Konsep pembelajaran paradigma Quantum Teaching, merupakan salah satu

alternatif pendekatan menuju terwujudnya peningkatan kualitas hasil belajar. Secara

teknis strategi model pembelajaran Quantum Teaching meliputi: (1) Segalanya

berbicara, segalanya bertujuan, peran pengalaman sebelum pemberian nama, akui setiap usaha, jika layak dipelajari maka layak pula dirayakan; (2) Membawa dunia mereka ke dunia kita dan mengantarkan dunia kita ke dunia mereka; (3) Menggunakan kerangka pembelajaran yang dikenal sebagai TANDUR, yaitu Tumbuhkan, Alami, Namai, Demonstrasikan, Ulangi dan Rayakan (Lihat Bobbi DePorter, 2005).

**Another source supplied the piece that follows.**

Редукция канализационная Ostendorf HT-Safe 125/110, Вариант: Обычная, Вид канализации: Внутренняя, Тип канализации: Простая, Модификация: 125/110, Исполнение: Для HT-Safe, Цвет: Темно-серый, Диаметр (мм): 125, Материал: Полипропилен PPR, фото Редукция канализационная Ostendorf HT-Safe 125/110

Jika desain pembelajaran telah ditemukan sesuai dengan karakter materi pembelajaran dan pada kenyataannya dapat menaikkan prestasi belajar, itu berarti perilaku soliter pendidik yang senantiasa melakukan pengembaraan untuk menemukan teknik-teknik baru dalam proses pembelajaran menjadi sebuah keharusan agar kompetensi belajar dapat terwujud dengan kualitas hasil sesuai yang diharapkan.

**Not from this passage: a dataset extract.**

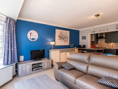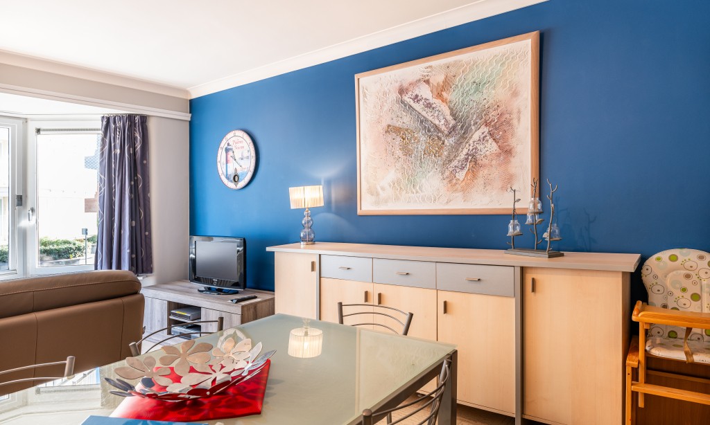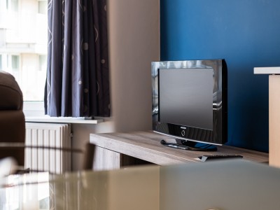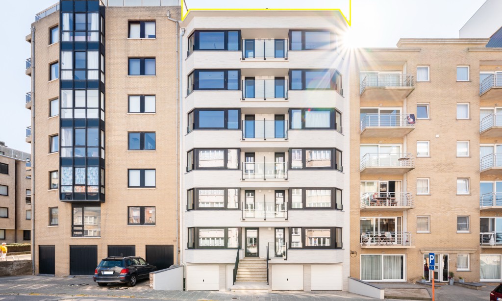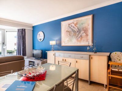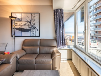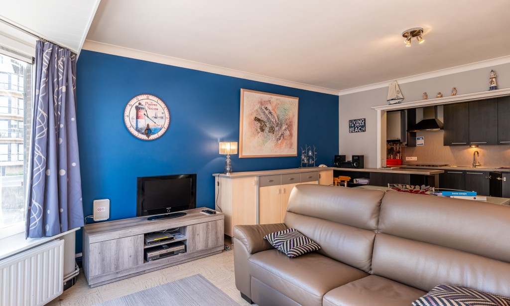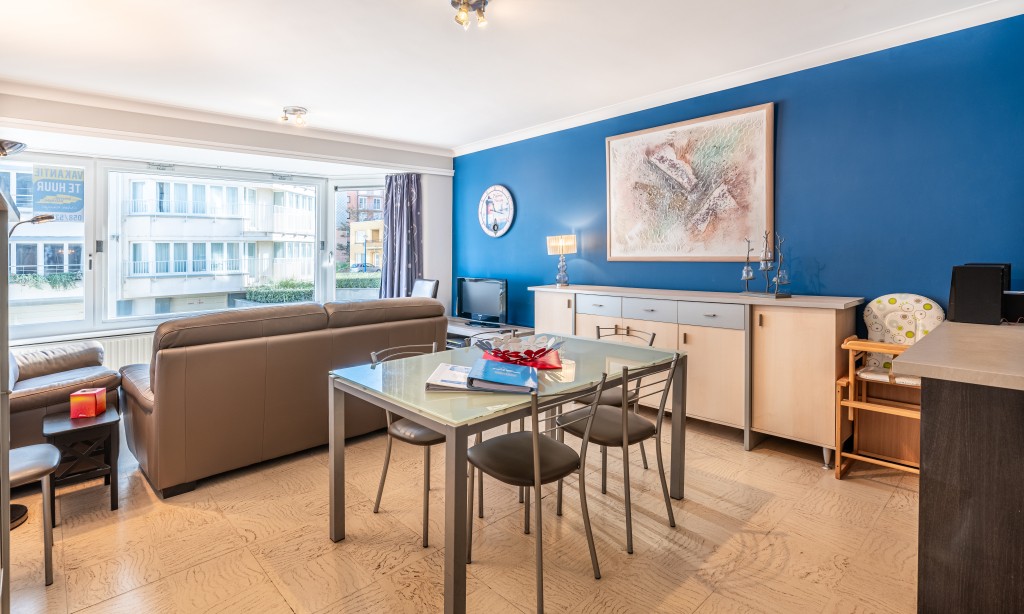2-slaapkamer appartement op het verhoogd gelijkvloers. Het appartement is gelegen op een paar passen van de zee en dicht bij de winkels en restaurants. Modern ingericht, voorzien van alle comfort. Er zijn een 10-tal treden voordat men de ingang van het gebouw bereikt. Zijdelings zeezicht vanuit de woonkamer. Wifi en digitale Tv. Huisdieren verboden.

Pada akhirnya, untuk memenuhi harapan seperti itu pendidik perlu memenuhi beberapa persyaratan, antara lain: (1) menguasai karakter disiplin ilmu; (2) memahami pola berpikir peserta didik; (3) menguasai pendekatan dan metode pembelajaran

partisipatory; (4) menguasai teknik-teknik pengembangan materi; dan (5) menguasai teknik-teknik uji pembelajaran. Jika persyaratan ini terpenuhi diikuti kemauan kuat mengujicobakan, beban berat menghadapi Ujian Nasional 2006 dapat terkurangi.